The students visited 18 artists, museums, collectives, and galleries during their five-day trip. In one day alone, the MFAs visited a couple of performance artists in their East Williamsburg space (anyaliftig.com, panoplylab.org), two painters in their Bushwick studios (jennymorganart.com, martinwittfooth.com), and the staff of Hyperallergic (a big time art blog) in their Williamsburg office. Later in the week, between outings to the museums, openings in Chelsea, and just having an all around good time, they visited an artist’s collective workspace in the Lower East Side (conartistnyc.com), a painter in his Fort Green studio and a painter/sculptor at his Lower East Side gallery (tedriederer.com, thelodgegallery.com). Additionally they visited the New York Book Arts Fair, ”the world’s premier event for artists’ books, catalogs, monographs, periodicals, and zines”, featuring around 300 booksellers (and about a million people), at the PS1 Contemporary Art Center (momaps1.org) in Long Island City, Queens.
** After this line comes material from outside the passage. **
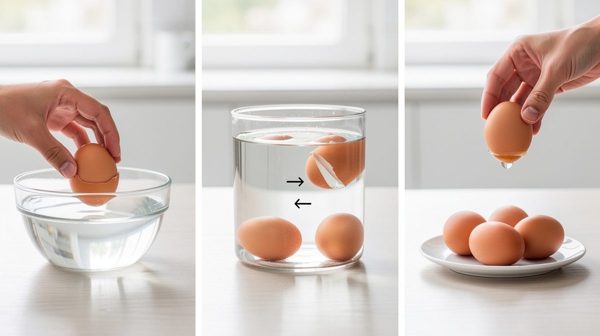 Pour effectuer ce test ancestral, vous aurez besoin d'un récipient profond (saladier, verre haut ou casserole) et d'eau froide du robinet. Remplissez le récipient d'eau froide en quantité suffisante pour couvrir entièrement l'œuf. Déposez délicatement l'œuf dans l'eau en évitant tout choc qui pourrait fissurer la coquille. Observez attentivement la position qu'il adopte naturellement sans le manipuler. Laissez quelques secondes pour que l'œuf se stabilise complètement. Un œuf très frais reste couché à plat au fond du récipient. Un œuf qui commence à vieillir se redresse légèrement ou pointe vers le haut tout en restant immergé. Un œuf qui flotte entre deux eaux a perdu de sa fraîcheur mais reste généralement consommable. Un œuf qui remonte complètement à la surface nécessite une vérification supplémentaire approfondie avant consommation.

While on this trip, students had the opportunity to see how professionals in varying fields of art live, work, eat, sleep, struggle, and succeed. This trip established what it means to be an artist today and established the exciting realism of being an emerging artist in New York. One of the artists the MFAs spent time with was Christian Rex Van Minnen, who lives in a studio building that was once a candy-making factory. As Brad Blair recalled, “the graduate students followed him inside the old building. They walked up a dusty and narrow staircase, three stories high, until reaching Christian’s small studio space on the top floor. Once inside, his brightly colored paintings instantly contrasted the worn buildings environment. When Christian began speaking about his pieces, the students learned that he is a prolific oil painter whose work usually begins with the traditional portrait composition or still life set up. Christian then transforms the piece in to a decaying, fles hy, flora, fauna, mixture of pieces and parts that together create a juicy, colorful finished product.”
Adam Williams summarizes that “by the end of our week, I think most of us came to the conclusion that while living in New York and keeping up with an artistic practice will require a lot of work and dedication, it is totally doable and will provide invaluable opportunities that are uniquely available in what is still America’s art center.”